Seven state superintendent candidates faced off Thursday, Jan. 7, in the first online forum ahead of a Feb. 16 primary, on issues such as learning amid the COVID-19 pandemic and how to rectify inequities in public education.
Candidates Shelia Briggs, Joe Fenrick, Troy Gunderson, Shandowlyon Hendricks-Williams, Deborah Kerr, Steve Krull and Jill Underly answered questions posed by Wisconsinites from across the state in the two-hour forum. They tackled subjects such as how to personalize learning to meet individual student's needs, how to ensure all students feel safe in their schools and how to address special education needs.
Briggs, the current assistant state superintendent, said she would prioritize a COVID-19 recovery plan and work with state lawmakers to get DPI's funding request into the 2021-2023 state budget.
"It will be so important that we do not let the cost of this pandemic be balanced on the backs of our teachers or our kids," she said.
Fenrick said he would focus on getting students back into classrooms safely and getting rid of standardized tests.
"There's too much testing going on," he said. "We need a lot more hands-on learning in our classrooms."
Gunderson said he would prioritize equality in education across the state's urban-rural divide.
"I'm best suited to unite the entire state around the collective commitment of providing public education to improve the lives of each one of our children within the schools in our state," he said.
Hendricks-Williams said she plans to include a $350 rebate to parents for expenses incurred during COVID-19 for school supplies and internet access, and prioritize diversifying teaching staff in Wisconsin schools.
"I am the only candidate that began as a paraprofessional and worked at the Milwaukee office of the governor," she said. "I'll bring all of that knowledge, skill, and my disposition as the best candidate, as Wisconsin's first elected Black state superintendent."
Kerr said she would leverage her relationships within the state Legislature to push forward public education issues.
"Education is a non-partisan matter," she said. "We need to get past some of these deep issues that divide us. We need to stay focused on equity, inclusion, antiracism and social justice because all of our kids are important to the success of our Wisconsin schools."
Krull said within his first 100 days he would work with state lawmakers to get a school finance reform system in place.
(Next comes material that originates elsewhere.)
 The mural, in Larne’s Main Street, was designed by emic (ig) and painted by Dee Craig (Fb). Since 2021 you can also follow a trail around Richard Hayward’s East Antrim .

"Until we address our school finances, this other stuff that we're talking about, we just don't have the money to do it," he said.
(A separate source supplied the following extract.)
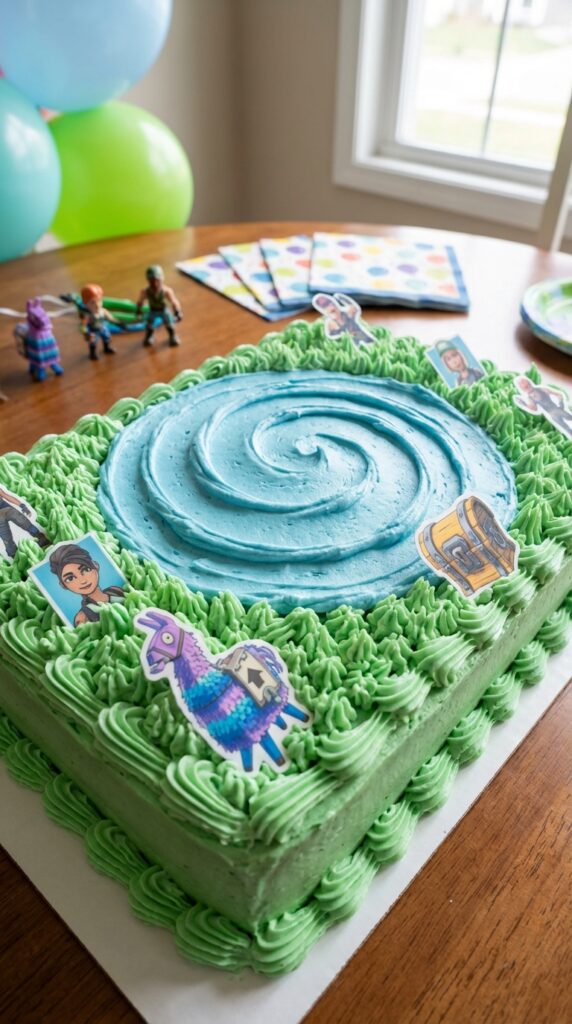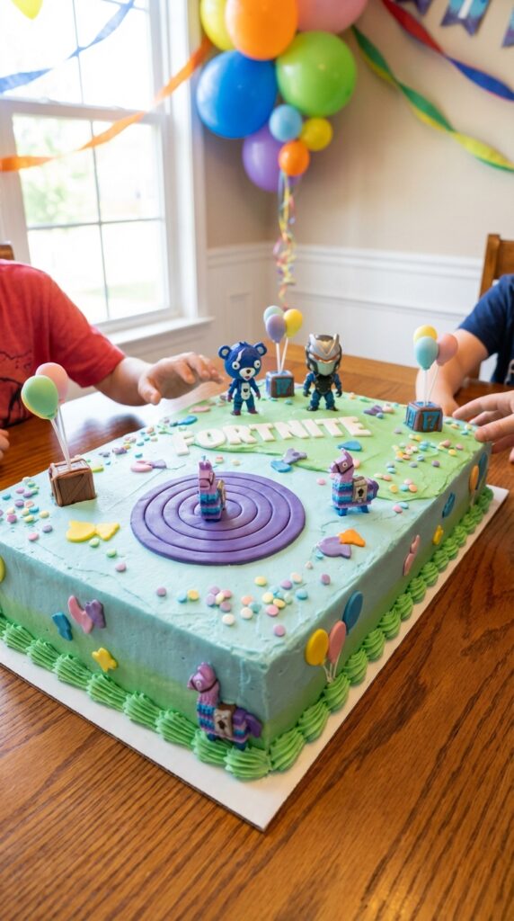 Victory Royale sheet cakes are honestly where most Fortnite parties find their sweet spot — they’re easier to serve than sculpted 3D cakes, and kids absolutely lose their minds over them anyway. You can load the flat surface with colorful fondant designs featuring storm circles, loot llamas, and supply drops.

Underly said she would enact a statewide plan to make sure schools can reopen safely and establish a cabinet-level equity officer.
"I would get regular meetings, discussions and listening sessions on the calendar monthly between Wisconsin Public Education Network, the Rural Schools Alliance, WEAC, WASDA, WASB and DPI, as well as our legislative liaisons so we can work together to solve policy issues," she said.
School vouchers, school choice
State superintendent races are nonpartisan but splits tend to form between Democratic-backed supporters of public schools and candidates with conservative support who often advocate for taxpayer-funded vouchers and school choice programs.
Asked about their support for private school vouchers and independent charter schools in two separate yes or no questions, most of the candidates said they do not support either.
Henricks-Williams said she "supports great schools" when asked about support for private school vouchers, and that she supports "parents' option for enrolling their child in a high performing school" when asked about support of independent charter schools.
Kerr said she supports "one system of accountability and full transparency because this is the law" when asked about private school vouchers.
Briggs said she doesn't support independent charter schools under the current system.
The superintendent position oversees the Department of Public Instruction, which has broad powers in managing the state's public school system. The seat is open for the first time in over a decade after Gov. Tony Evers, who won statewide elections to head the agency for three consecutive four-year terms, assumed Wisconsin's highest office.
Current state Superintendent Carolyn Stanford Taylor was appointed by Evers in January 2019 after he won the 2018 governor's race. She decided not to seek election this year.
The winners of the Feb. 16 primary will be invited back for a more in-depth forum before the April election.